Stuart_Armstrong comments on Assessors that are hard to seduce - Less Wrong

5 Post author: Stuart_Armstrong 09 March 2015 02:19PM

You are viewing a comment permalink. View the original post to see all comments and the full post content.

Comments (12)

You are viewing a single comment's thread. Show more comments above.

Comment author: Slider 10 March 2015 12:53:01AM 1 point [-]

Appeasing an imaginary moral judger seems an awfully lot like pleasing a man in the clouds. Any reason why critisims of religion could not be used verbatim against this arrangement?

Comment author: Stuart_Armstrong 10 March 2015 09:25:43AM 1 point [-]

If we get to set the criteria of this man in the clouds, we can get useful behaviour. The main criticism of religion is that it's untrue, and that a dedicated observer will realise this. Here we know it to be untrue, but the AI cannot act on that knowledge (see my post on false thermodynamic miracles).

Comment author: Slider 10 March 2015 01:11:49PM 0 points [-]

Wouldn't we know that in this context this would be true (rather than untrue as you write)? Also the degree that the assessor is properly shielded from tampereing means it will become closer to imaginary (no need to mention assessor implementation details, but then it seems to work like "magic" lessening the evidecne to believe in it existence). Also it seems that things that make people turn on religion are valued and here we are counting on the AI not pulling those same stunts.

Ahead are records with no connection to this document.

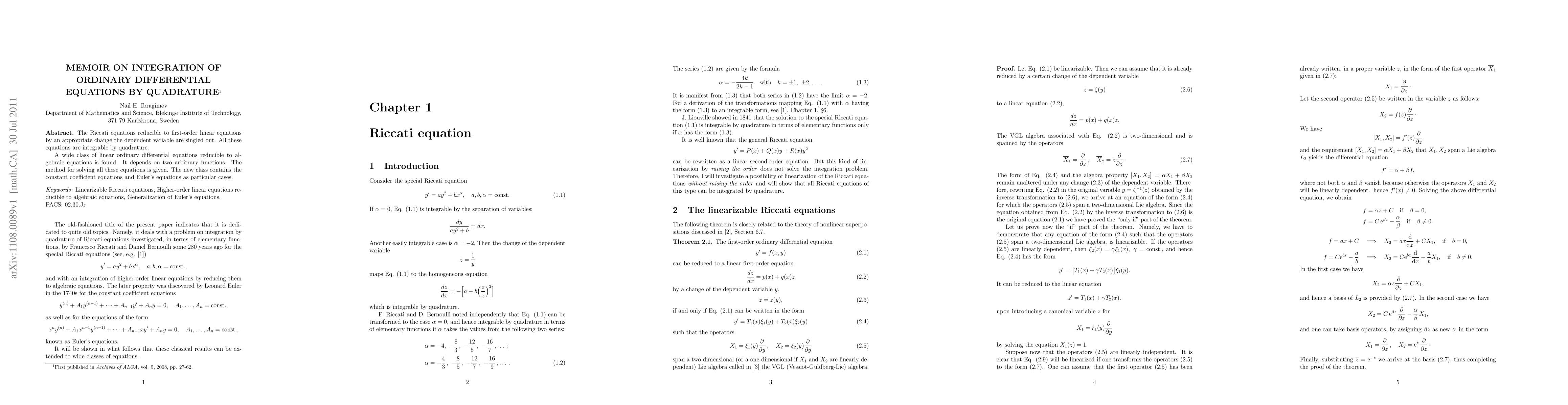 This paper identifies a class of Riccati equations integrable by quadrature via a change of dependent variable. It also discovers a broad category of linear ODEs reducible to algebraic equations, dependent on two arbitrary functions, with a provided solution method. This class includes constant coefficient and Euler's equations.
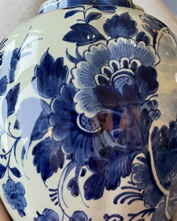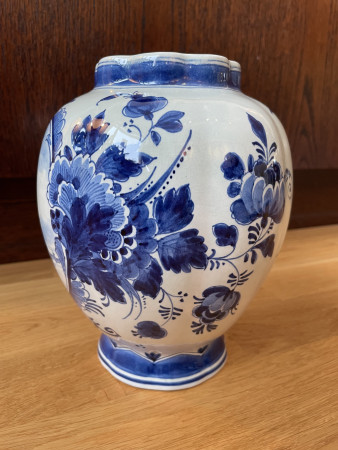 This vase was painted by two painters in 1934 (BD). Theo van Lingen (1893-1945) probably painted the landscape and G. van Heijenoort (1891-1940) the border decoration. It is an "A" design that at the time was sold slightly cheaper due to, for example, a flaw in the glaze, the painting, or other matters.
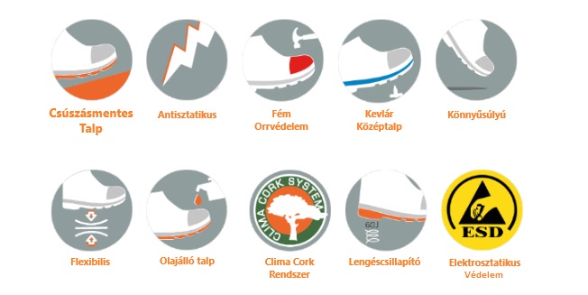 - Csúszásmentes/Olajálló talp, hogy minden körülmény között stabilan állj/sétálj munkád során
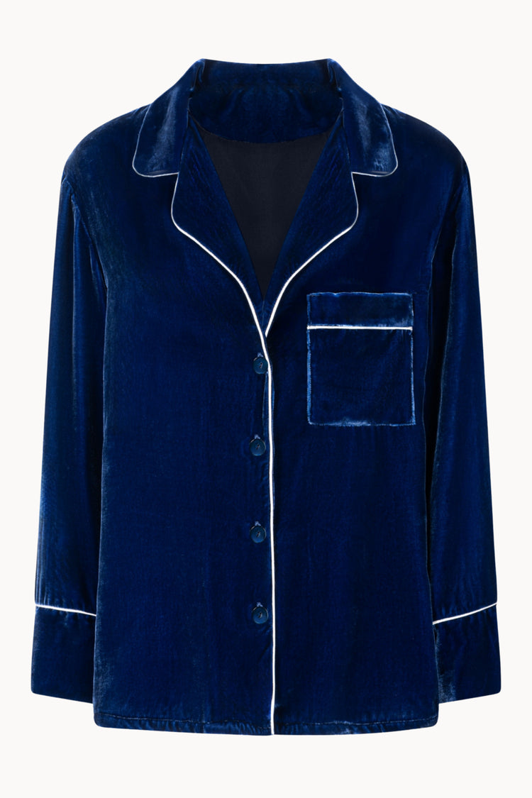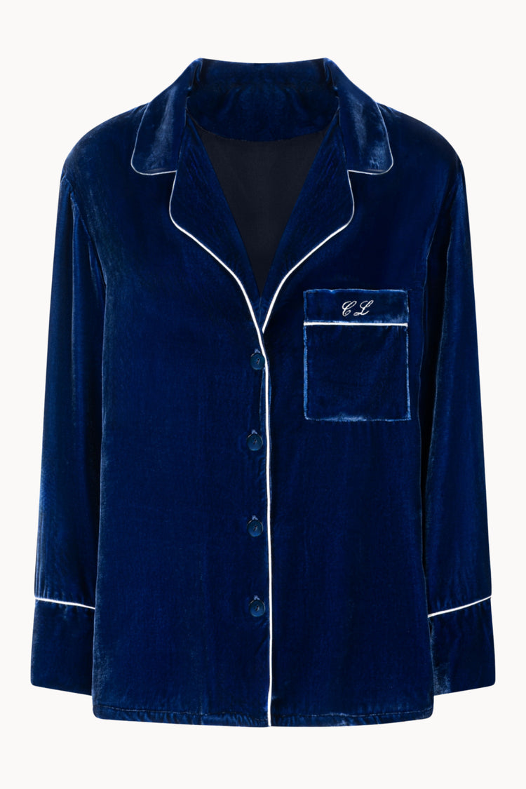 Designed for relaxed sophistication, the Farnese shirt reimagines classic nightwear through the soft touch of Italian velvet. Finished with mother-of-pearl buttons and refined piping, it can be personalized with embroidered initials on the chest pocket, an intimate detail of refined individuality.

Hiding the assessor among multiple plausible targets might make the AI play mafia on people (such as trying to get the assessor replaced when it can't (no longer) satisfy it's demands, inhopes that the replacement has easier attitudes or atleast possibility to have flaws to exploit).

Comment author: Stuart_Armstrong 10 March 2015 02:36:56PM 0 points [-]

These can be defined in counterfactual ways, if needed. There need not actually be an assessor, just a small probability of one.

Comment author: Slider 11 March 2015 01:46:25AM 0 points [-]

Wouldn't that be the equivalent of thinking that a Pascal's wager will keep it in check?

Comment author: Stuart_Armstrong 11 March 2015 10:25:22AM 0 points [-]
Comment author: djm 10 March 2015 11:02:46AM 0 points [-]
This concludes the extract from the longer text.